Cytology slides were prepared and read in the US. The presence of high-risk HPV genotypes was determined from residual cytology specimens. HPV DNA was amplified using Gold Taq and a modified MY09-MY11 PCR-based method that included additional primers for HPV30, 35, 39, 51 and 68; as well as, primers to amplify a cellular beta-globin fragment as a control for amplification19. PCR products were typed by dot-blot hybridization using type-specific probes as previously described19. We considered the 13 most carcinogenic types for HPV positivity: 16, 18, 31, 33, 35, 39, 45, 51, 52, 56, 58, 59, and 68. The numeric measure of signal strength (1–5) was utilized as a validated semi-qualitative measure of viral load20.

The protocol was reviewed and approved by both Nigerian and NCI institutional review boards (NCT 00804466). Appropriate diagnosis and treatment among screen-positive women is now underway, using a combination of cryotherapy, LEEP, and surgery.

We calculated the age-stratified proportion of women infected with carcinogenic HPV and cytologic abnormalities. Bivariate analyses measured the risk of carcinogenic HPV infection among women with abnormal cytology as well as the risk of abnormal cytology given carcinogenic HPV infection. Differences by age were considered using standard contingency table analysis with Chi-square statistics, unless otherwise noted. To rule out the possibility that our findings were distorted by oversampling women who lived in houses containing a household with more than one co-wife, we stratified our results by co-wife status in the household (no co-wife vs. more than one co-wife); there were no notable differences. Analyses were performed using Stata 11.0 analytic software (Stata Corp LP, College Station, TX).

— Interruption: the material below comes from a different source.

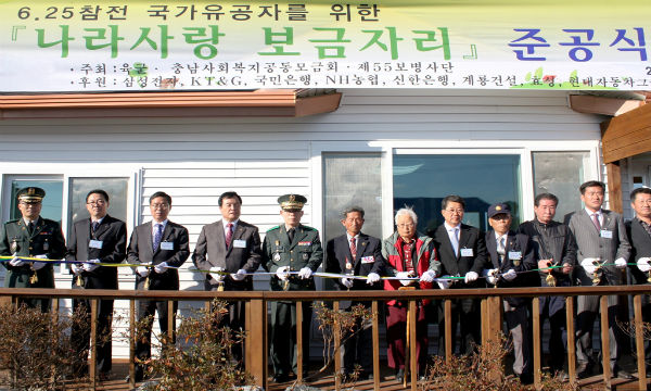육군 제55보병사단(사단장 육군소장 노희준)은 3일 이천시 설성면에 위치한 6·25 참전용사인 이호삼(83)옹의 자택에서, 나라사랑 보금자리 214호 준공식을 가졌다.

Among 439 houses visited, we were able to contact 2,091 women who were eligible for enrollment (Figure 1). Approximately one-third (n=671) of these women either refused enrollment at home or did not attend the clinic visit. Participation varied by age: women 15–20 were less likely to enroll and attend the clinic visit (43.1% vs. 74.3% among women over 20, p<.01).

Figure 1
Consort Diagram

Of 1,282 non-virgins attending the screening visit for whom HPV DNA test results were available, 14.7% were infected with one or more carcinogenic HPV genotypes. Figure 2 separately presents the independent results of HPV testing (line) and cytology (bar) by age. The proportion HPV-positive did not decline with age (Chi-square p-trend=.36) and had slight peaks in women 15–29 (18.9%) and 60–69 (17.6%) years old, compared with 12–14% in mid-adult women. Cytologic abnormalities were most common in the youngest women (ages 15–29) compared with women age 30 or older (15.0% vs. 8.0%, p<.01); no second peak of abnormal cytology results was observed in older women. When cytology was abnormal, severity varied by age: younger women were more likely than older women to have a low-grade abnormality (86.5% of abnormal results in women under 30 vs. 64.0% in women 30 or older, p=.01) and older age was associated with higher risk of high-grade intraepithelial lesion (HSIL) or worse abnormality (36.0% of abnormal results in women 30 or older vs. 13.5% in women under 30, p=.01).

Figure 2
Percent of women with given cytologic abnormalitya and PCR-positive for one or more 13 carcinogenic HPV genotypes by age (mean and median age =45 years)

Overall, 10.0% and 4.1% of women were infected with one or more HPV genotypes in either the alpha-9 or alpha-7 species, respectively, with alpha-9 types HPV16, 31, 35, 52, and 58 being most common (2.0% or more) (Table 1). 19.2% of women infected with a carcinogenic HPV genotype were concurrently infected with at least one other carcinogenic genotype. HSIL or worse cytology was most often associated with HPV16 and/or 35 (21.9% and 18.8%, respectively).

Table 1
Cytology results and risk of concurrent type-specific carcinogenic HPV infection for 1,282 women

Among women with atypical squamous cells of undetermined significance (ASC-US) or low-grade squamous intraepithelial lesion (LSIL) vs. HSIL or worse cytology, the percentage concurrently testing positive for one or more of the 13 carcinogenic HPV genotypes was 51.3% and 65.6%, respectively (Table 1). This result was observed across all age groups (data not presented).

Among HPV-positive women, those with ASC-US/LSIL, HSIL or worse were more likely than those with normal cytology to have an HPV infection with a PCR signal strengths of 4 or 5 (80.5% and 76.2% vs. 50.9%, respectively, p<.05). Notably, however, in terms of absolute numbers, 53.8% of 106 women with an elevated HPV PCR signal strength had normal cytology (Table 1). Signal strength, a semi-quantitative measure of viral load, was not associated with age (data not presented, one-way ANOVA F[1, 1280]=.95; p=.33).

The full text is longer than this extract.